Thursday, 26 March 2009

Who’s the most critically lauded artist you dislike?

This is a fun game, best played down the pub, but should be good here as well.

Rules: we take turns, citing one artist per post (with accompanying rant if necessary) – where the reputation of a musical artist completely baffles you. It has to be someone, or a band, where they are very highly rated (so this isn’t the place to have a go at Pete Doherty) but you just don’t see it. Or you do see it! - you see a carefully orchestrated campaign of hype that has lasted decades. You see through what is tantamount to mass mind control. You know the Rock Emperor wears no gold lame suit – he wears no clothes at all! You have seen mass audiences confuse cool for quality, confuse the merely Loud with the holiest Rock. You have seen charlatans with stolen ideas fill stadia, while frail geniuses are cast out to move back in with their mothers and rot.

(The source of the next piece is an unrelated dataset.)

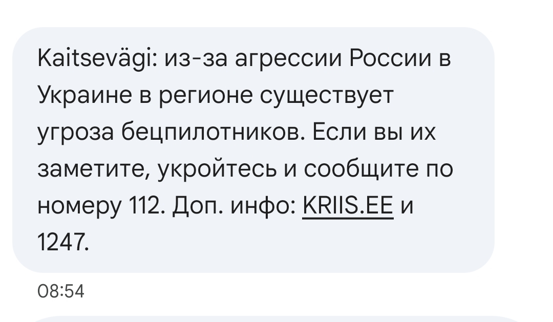Сообщения EE-ALARM необходимо воспринимать серьёзно. Если вы заметили дрон, следует немедленно укрыться. Лучшее место для укрытия — ближайшее помещение без окон. В условиях военной угрозы — подвал или другое помещение с прочными стенами. Читай больше здесь.
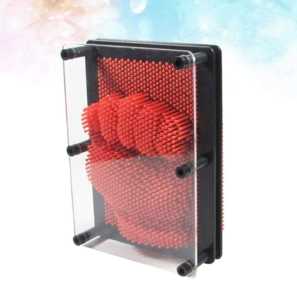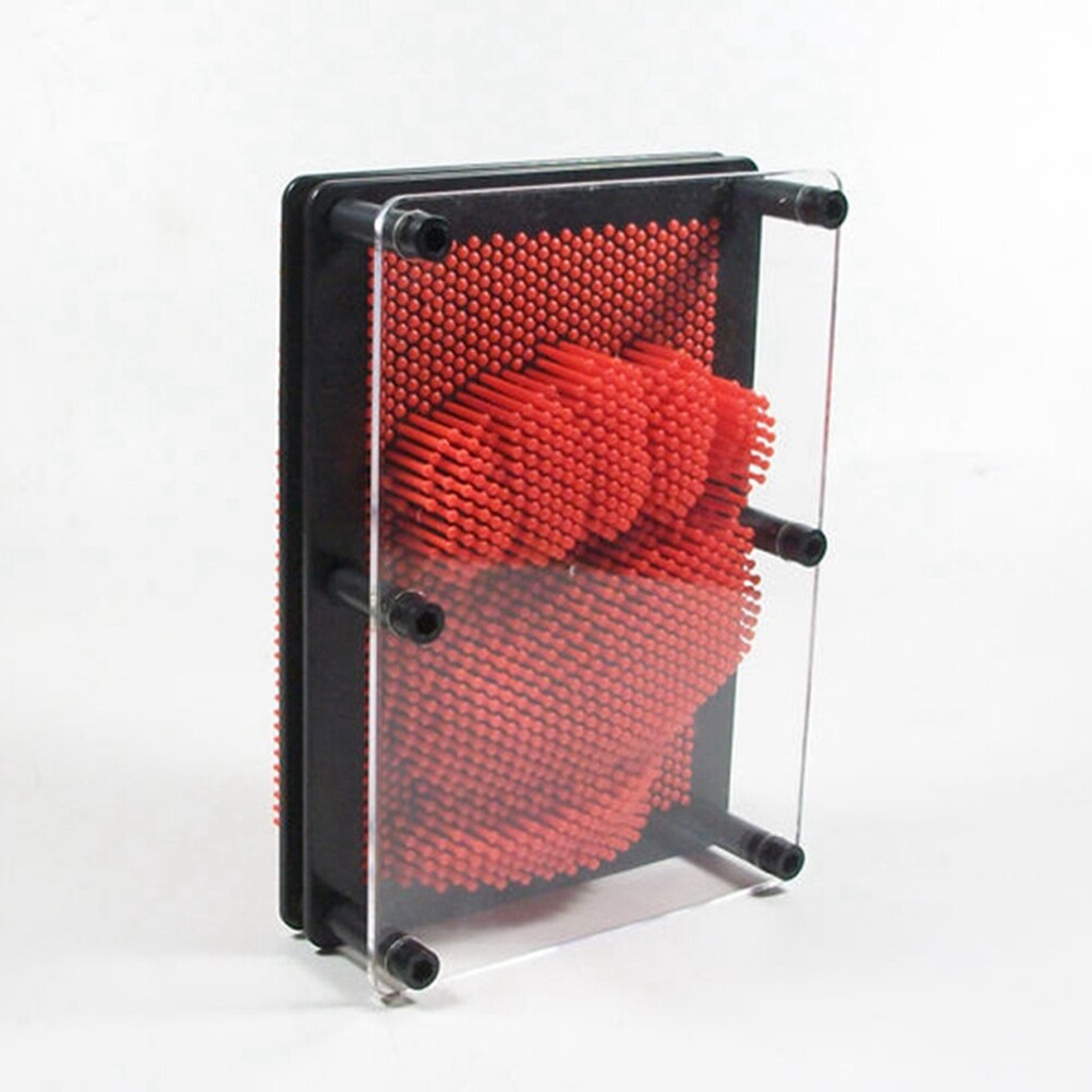 Homemaxs Classic 3-Dimensional Pin Art Board Metal Silver Toy Learning Gift for Sculptures- Large Size (Red)

Then again you've read about these frail geniuses one time too many – and ask if they’re so amazing, where exactly are their great records?

I won’t go first (although I have someone in mind). Hint: the bigger the target, the more fun.

Have at `em!

10 comments:

  1. The Rolling Stones.

    Look , I just don't get it.

    When anyone - and I mean anyone in the press - talks about the 60s they always describe it as the era of 'The Beatles and the Stones'. Now you would have to be stark, raving Belgian not to agree with the former but the Stones?????

    Nah.

    Take away, I don't know, four or five songs, and they are just an ordinary, lumpy rock band with a few grizzled looking performers in their midst. If it was the punk scene they woudl be The Vibrators or Slaughter and The Dogs.

    Sure, with tracks like Satisfaction, Brown Sugar and Angie they deserve to be mentioned in dispatches (as Baby Baby and Your A Bore do) and they were a highly visible part of the scene but in the same breathe as John Paul, George and the world's luckiest drummer? I think not M'lud.

    I know you guys know more about the 60s than I do (and probably listen to far more of the music too) but the dominant British musos to me of that decade were The Beatles, The Who, The Kinks and The Small Faces. With The Who a clear second.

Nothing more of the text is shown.